2017-01-17
Making my machine stay responsive when writing to USB drives
Yesterday I talked about how writing things to USB drives made my machine not very responsive, and in a comment Nolan pointed me to LWN's The pernicious USB-stick stall problem. According to LWN's article, the core problem is an excess accumulation of dirty write buffers, and they give some VM system sysctls that you can use to control this.

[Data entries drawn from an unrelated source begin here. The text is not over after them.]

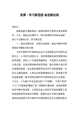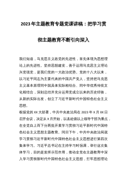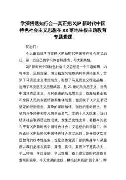 学深悟透知行合一真正把XJP新时代中国特色社会主义思想在xx落地生根主题教育专题党课同志们:今天由我就学习贯彻XJP新时代中国特色社会主义思想,谈一些自己的学习体会和感悟,与大家共勉。XJP新时代中国特色社会主义思想是一个主题鲜明、内容丰富、思想深邃、博大精深的完整的科学理论体系,贯穿了马克思主义理想信念,彰显了马克思主义理论品格,运用了马克思主义思想武器,是21世纪马克思主义、当代中国马克思主义、与时俱进的马克思主义,既凝结着全党和全国人民的实践经验和集体智慧,也反映了XJP总书记坚定的理想信念、真挚的家国情怀、强烈的使命担当、坚韧的斗争精神和非凡的革命勇气。党的十八大以来,我们经济社会取得...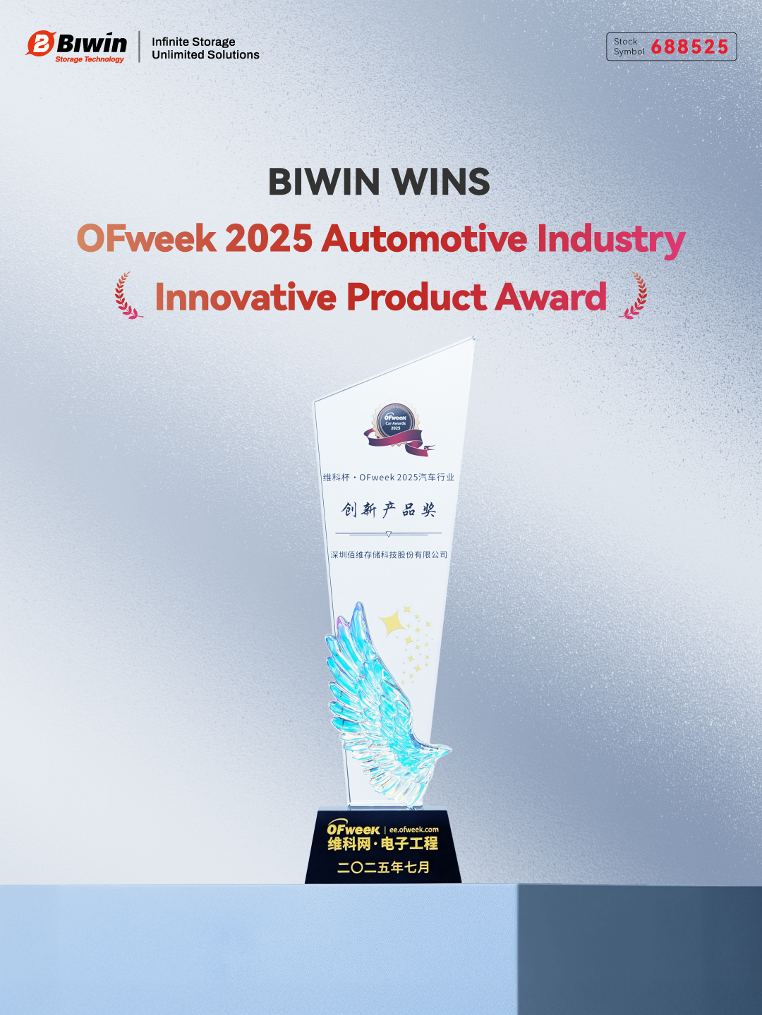 Recently, BIWIN Spec automotive-grade eMMC solutions have garnered multiple prestigious industry honors, including the “Domestic Supply Chain Breakthrough Award 2025” from GaoGong Intelligent Vehicle, the “2024 Automotive Electronics Science and Technology Award (Outstanding Innovative Product)” from the Shenzhen Automotive Electronics Industry Association, and the “2025 Automotive Industry Innovative Product Award” from OFweek. Notably, BIWIN stands as the only storage company named in this year’s GaoGong Intelligent Vehicle Awards, listed together with prominent OEMs and Tier 1 suppliers—a clear recognition of its strength in automotive-grade storage technology, product innovation, and market impact.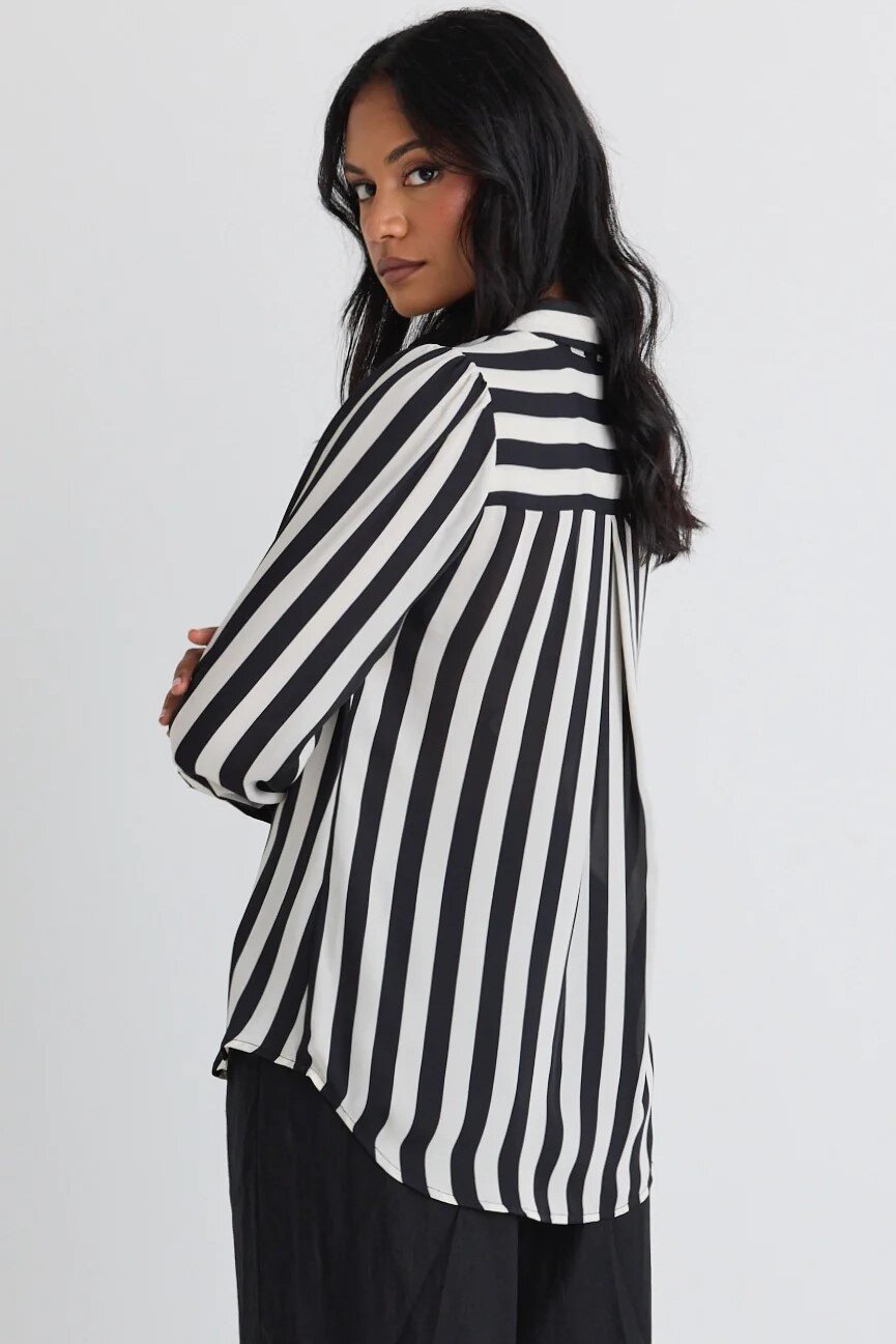 Add some stylish fun to your wardrobe with our Solidify Black White Stripe Puff Sleeve Shirt. This black and white striped shirt features trendy puff sleeve and double front pockets. Upgrade your everyday look with this statement stripe piece.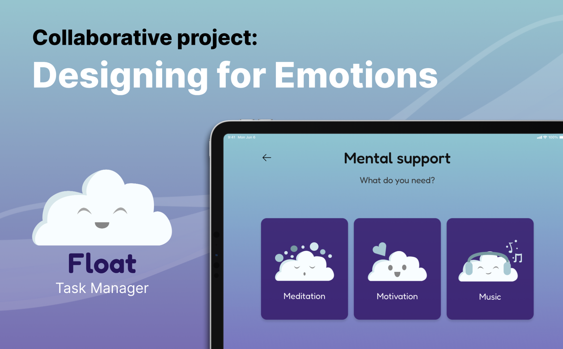 Float is a practical, meaningful digital solution to a common task-management problem. In today's digital age, many people find it more convenient to seek and rely on digital help, especially those individuals that tend to procrastinate and escape from their duties through endless scrolling. This provides short dopamine boosts, but no long term solutions. Our app aims to uplift users' moods initially, offering options such as music, meditation, or motivational speeches, giving valuable mental support during periods of stress, overwhelm, hopelessness, or lack of motivation. It follows by allowing users to effectively organize their tasks by either breaking them down or grouping them together, facilitating a clearer and easier overview of their to-do list. This approach not only saves time and effort, but provides users with a sense of relief before and after they do their tasks.

I was dubious that this was my problem, for two reasons. First, I
have a 16 GB machine and I barely use all that memory, so I thought
that allowing a process to grab a bit over 3 GB of them for dirty
buffers wouldn't make much of a difference. Second, I had actually
been running sync
frequently (in a shell loop) during the entire
process, because I have sometimes had it make a difference in these
situations; I figured frequent sync
s should limit the amount of
dirty buffers accumulating in general. But I figured it couldn't
hurt to try, so I used the dirty_background_bytes
and dirty_bytes
settings to limit this to 256 MB and 512 MB respectively and tested
things again.
It turns out that I was wrong. With these sysctls turned down, my machine stayed quite responsive for once, despite me doing various things to the USB flash drive (including things that had had a terrible effect just yesterday). I don't entirely understand why, though, which makes me feel as if I'm doing fragile magic instead of system tuning. I also don't know if setting these down is going to have a performance impact on other things that I do with my machine; intuitively I'd generally expect not, but clearly my intuition is suspect here.
(Per this Bob Plankers article,
you can monitor the live state of your system with egrep
'dirty|writeback' /proc/vmstat
. This will tell you the number of
currently dirty pages and the thresholds (in pages, not bytes). I
believe that nr_writeback
is the number of pages actively being
flushed out at the moment, so you can also monitor that.)
PS: In a system with drives (and filesystems) of vastly different speeds, a global dirty limit or ratio is a crude tool. But it's the best we seem to have on Linux today, as far as I know.
(In theory, modern cgroups support
the ability to have per-cgroup dirty_bytes
settings, which would
let you add extra limits to processes that you knew were going to
do IO to slow devices. In practice this is only supported on a few
filesystems and isn't exposed (as far as I know) through systemd's
cgroups mechanisms.)